The update presented two examples of grantee hospitals and how they intend to achieve the aims of the CHART program:

  • Addison Gilbert Hospital and Beverly Hospital received $1.27M and $2.5M respectively to reduce 30-day readmissions for patients with a personal history of recurrent acute care utilization, social complexity, and/or in need of palliative care by 20% by the end of the two year period.  They hope to employ a complex care team, individualized care plans, referral to palliative care and hospice, and linkage to primary care providers in order to achieve this goal. 
  • Berkshire Medical Center received $3M to reduce 30-day admissions by 20% for all discharges of Northern Berkshire County residents by the end of the 2 year period.  They intend to partner with community-based social services, use comprehensive care plans, care coordination, Behavioral Health AfterCare Teams, chronic illness support, nutrition support, and electronic patient navigation to achieve their goal. 

The Technical Assistance update for CHART Phase 2 began with an anonymous survey indicating that the HPC should prioritize facilitating direct access to subject matter experts (91% of respondents), regional learning opportunities to share best practices (85%), HPC staff supports (81%), and data analyses (79%).  Senese therefore laid out a two-pronged assistance model that aims to engage CHART hospitals directly to respond to problems quickly, perform routine maintenance, and/or facilitate the sharing of best practices through cohort engagement.  The intensity of assistance provided by the HPC will differ based upon the needs of the hospital: whether they are lagging in performance and require focused, high intensity involvement or are excelling and simply need targeted engagement for specific issues.
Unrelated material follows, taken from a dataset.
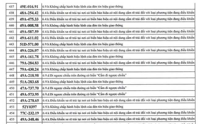 Các lỗi vi phạm chủ yếu: Không chấp hành hiệu lệnh của đèn tín hiệu giao thông; đi ngược chiều trên đường có biển “Cấm đi ngược chiều”; rẽ trái/phải tại nơi cấm rẽ trái/phải.
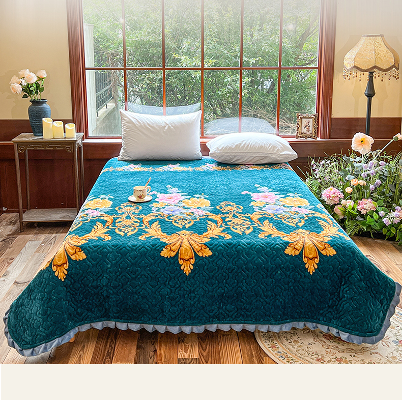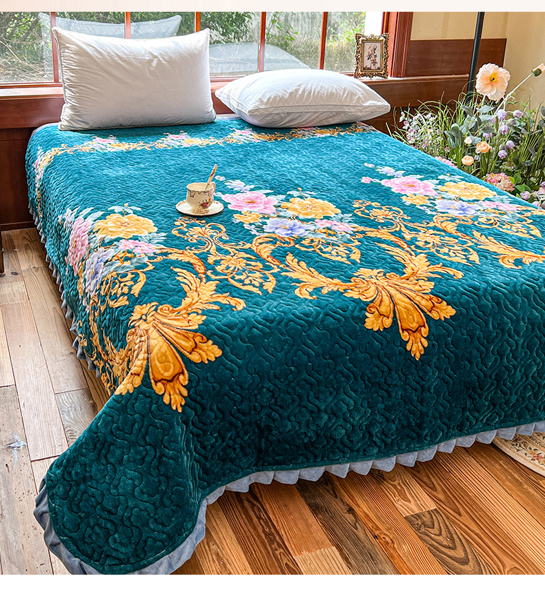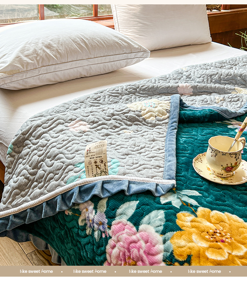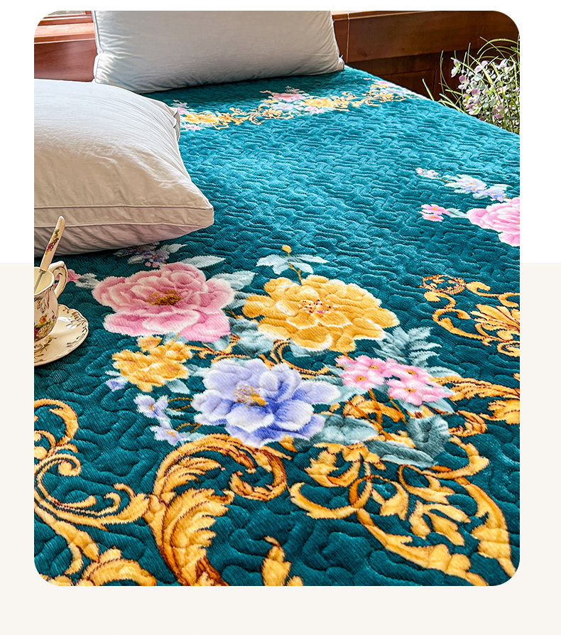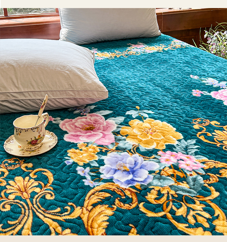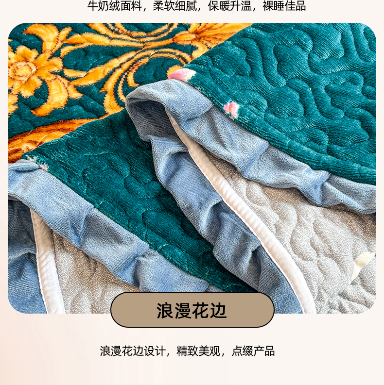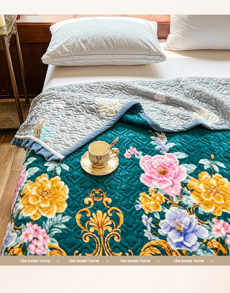 悦织湾家纺 2025新款印花牛奶绒花边夹棉床盖 雅韵风情

The HPC is employing multiple approaches to assist each Phase 2 CHART hospital.  The HPC will hold two statewide meetings, one initial “launch” meeting and one interim meeting.  Additionally, there will be regional meetings for peer-learning and discussion of operational factors associated with effective implementation.  The HPC will include site visits at each Phase 2 CHART hospital biannually to engage executive teams in a discussion on implementation barriers and overall project progress.  The HPC will host 1-2 trainings annually to bolster the skills of front-line staff, managers, and leadership. There will be frequent virtual contact through phone calls for performance management and coaching activities.  Lastly, opportunities to engage current and emerging leaders are planned to sustain momentum after the CHART investments expire and promote long-term success. 

Administration and Finance Update

At the conclusion of the meeting, Executive Director Seltz provided an update on Administration and Finance (slides 73-88).  The State Fiscal Year (FY) 2016 Budget included:

  • $250,000 Pilot for Substance Exposed Newborns
  • $100,000 Pilot for Narcan Training
  • $250,000 Behavioral Health Technical Assistance for HPC’s Patient Centered Medical Homes
  • $250,000 Paramedicine Pilot Administered by HPC in the Quincy Area (affected by the recent closure of Quincy Hospital)
  • $500,000 Telemedicine Pilot Administered by the HPC
  • Confidentiality Language for CHART, PCMH, ACO and other HPC programs
  • New CHIA Oversight Council (with the Executive Director of HPC as a member)

The HPC Fiscal Year 2016 Budget recommendation is $13,475,444, with funds from Health Care Payment Reform Trust Fund and the Distressed Hospital Trust Fund. It is anticipated that HPC operating expenses will reach a steady-state (between $12-$14M) in future fiscal years.  The HPC has consistently finished under the Board-approved operating budget.  The Principles for the FY16 budget proposal include new investments that are limited, target, and essential.  In the beginning of FY17, HPC operations and programs will be funded by a new annual assessment on hospitals, surgery centers, and health plans. 

The next Commission Meeting is scheduled for September 9, 2015.